Alexandria Ocasio-Cortez speaks in Washington on Jan. 30. (Bonnie Jo Mount/The Washington Post)

First, it was her clothing. Then her dancing. Not to mention her credit score, her apartment, her hometown. Maybe it was only a matter of time before conservatives went after Rep. Alexandria Ocasio-Cortez’s love life.

On Friday — the day after Valentine’s Day, as some commenters dutifully noted — an accusation that the New York Democrat was employing her boyfriend as a member of her staff made its way around the Twitter pages of various conservative media magoos. Gleeful outrage ensued.

“While you were having a nice Valentine’s Day, @AOC decided to put her boyfriend on staff — drawing a salary on the taxpayer’s dime,” wrote Twitter user Luke Thompson in one viral post. “Nice to see her adapting to the swamp so quickly.”

“.@AOC is having a tough week,” wrote Charlie Kirk, founder of the conservative group Turning Point USA.

Then, from Katrina Pierson, a senior adviser to the Trump 2020 campaign: “Her jobs for everyone starts with her boyfriend.

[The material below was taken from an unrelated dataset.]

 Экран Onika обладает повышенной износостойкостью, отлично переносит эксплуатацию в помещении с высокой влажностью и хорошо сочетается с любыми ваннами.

Pure socialism, government chooses the winners and losers.”

Fox News picked up on this chatter and published a story that asserted Ocasio-Cortez “faces questions” about her boyfriend. Similar stories in Breitbart and the Daily Caller followed.

The fast-growing conspiracy seems to have originated from a few would-be sleuths who found her boyfriend’s name, Riley Roberts, listed in online House directories with a “mail.house.gov” email address. Thus, he must be on her staff.

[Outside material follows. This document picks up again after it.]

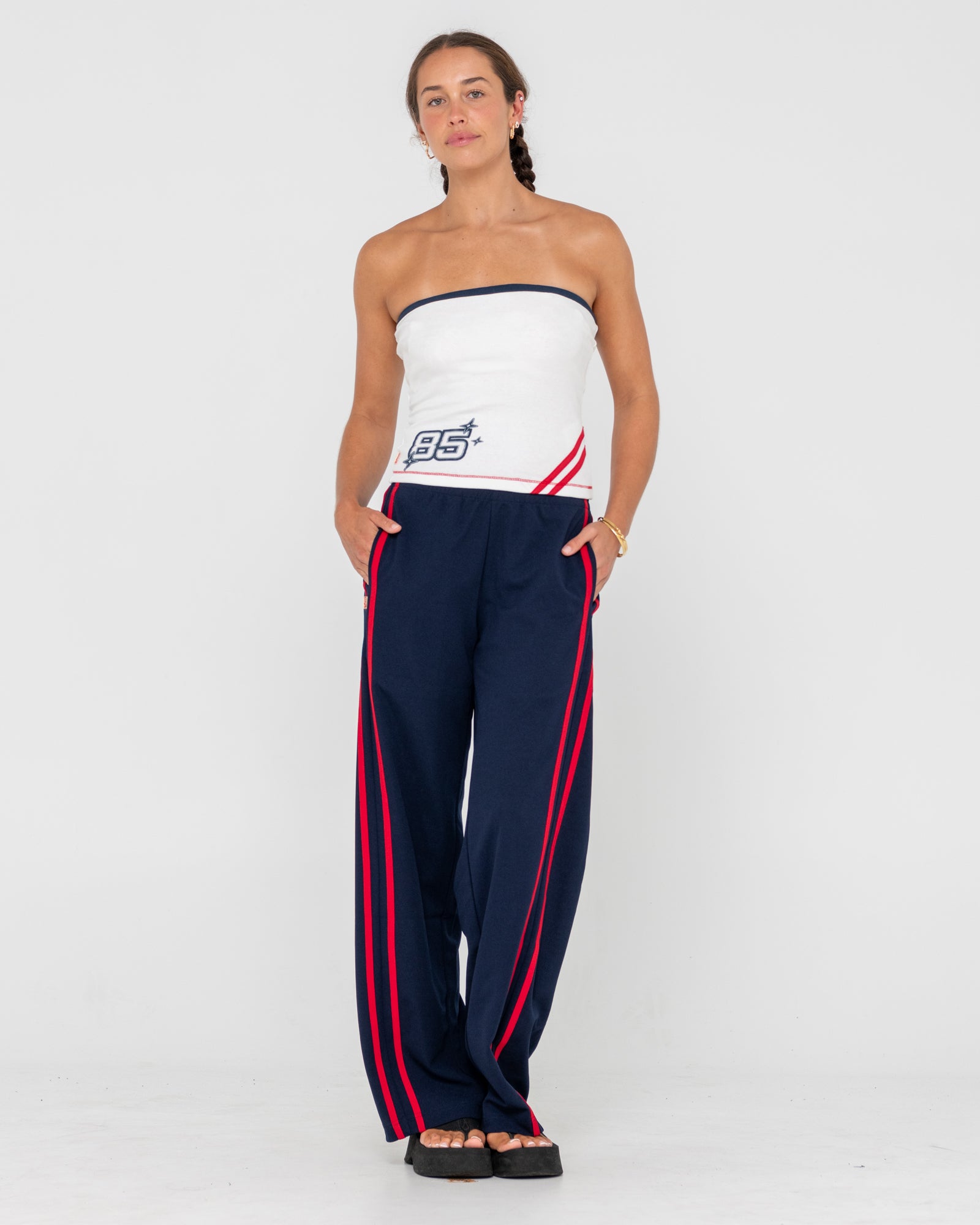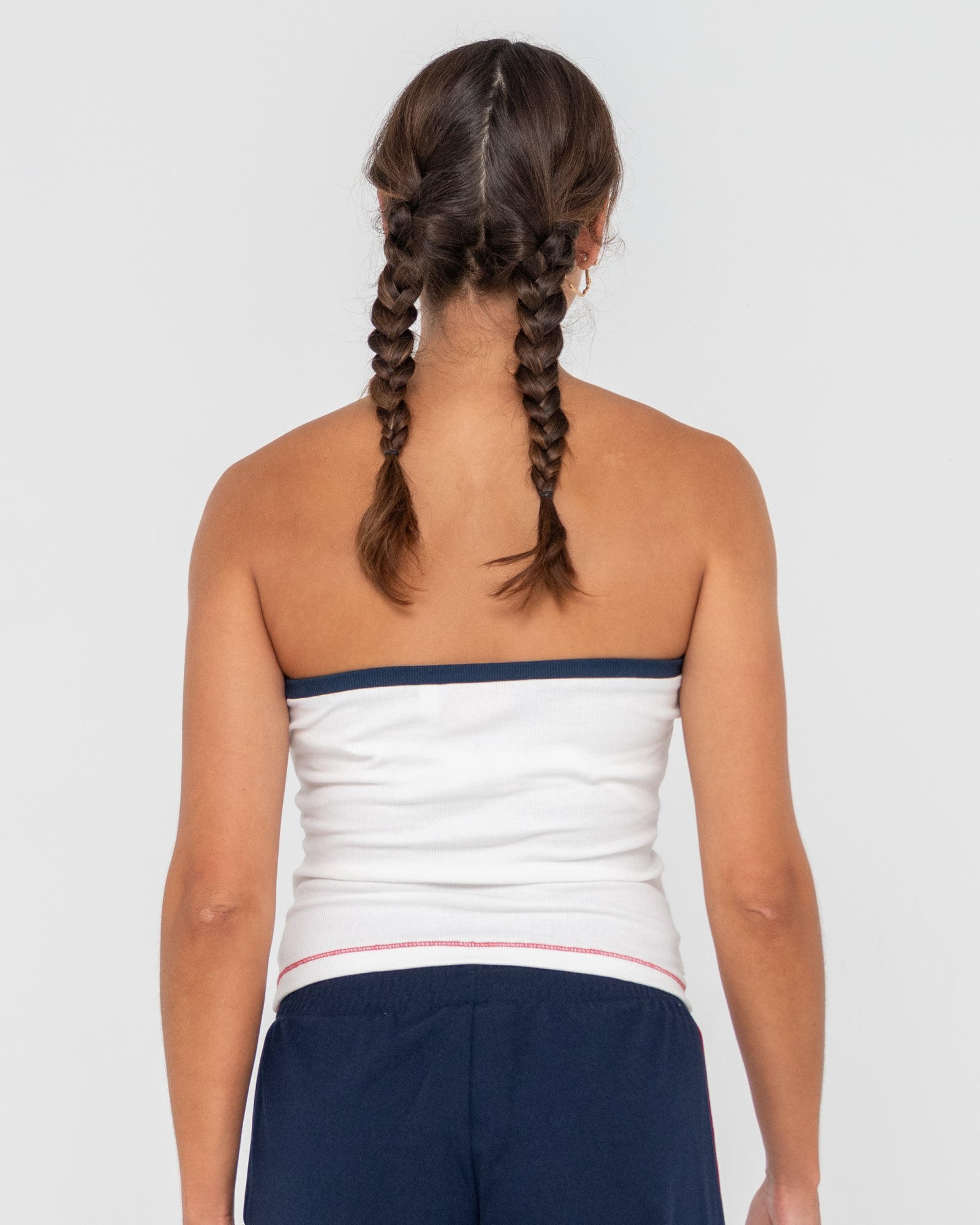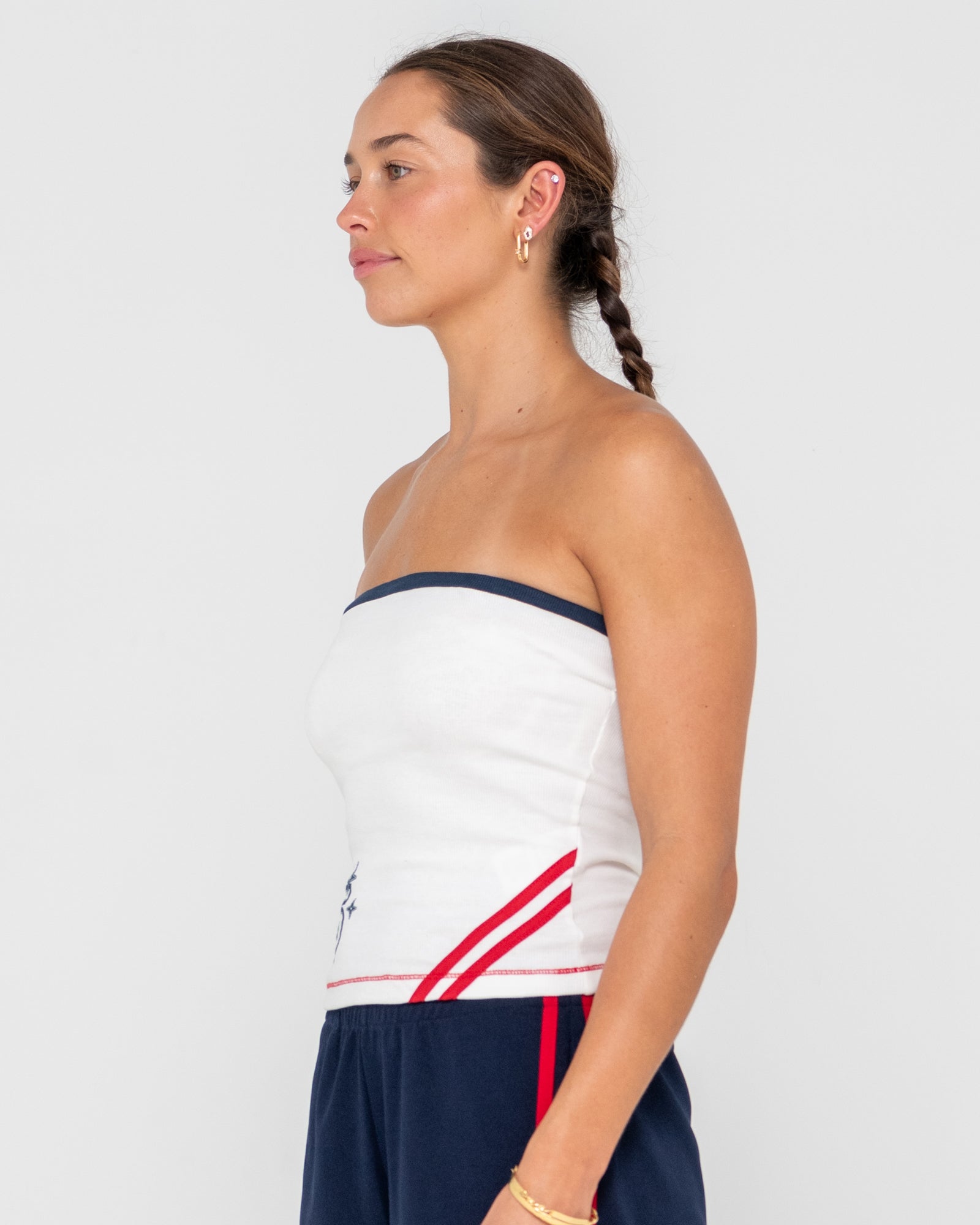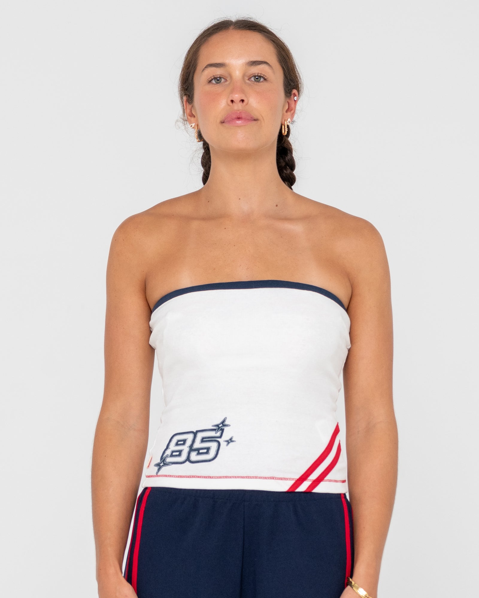 Strapless, slim-fit, ribbed top in skimmer length with stripe detail and graphic on the front. Material: 70% viscose / 30% nylon

Well, they’re partly correct. Roberts does have a House email address, but, as a spokesperson for the chamber’s Office of the Chief Administrative Officer explained, that does not mean he’s an employee.

“From time to time, at the request of members, spouses and partners are provided House email accounts for the purposes of viewing the member’s calendar,” the spokesperson said.

On Twitter, Ocasio-Cortez made the same point — that allowing partners access to members’ schedules through House email accounts is commonplace and is not against any government rules — telling Thompson to “check your facts before you tweet nonsense.”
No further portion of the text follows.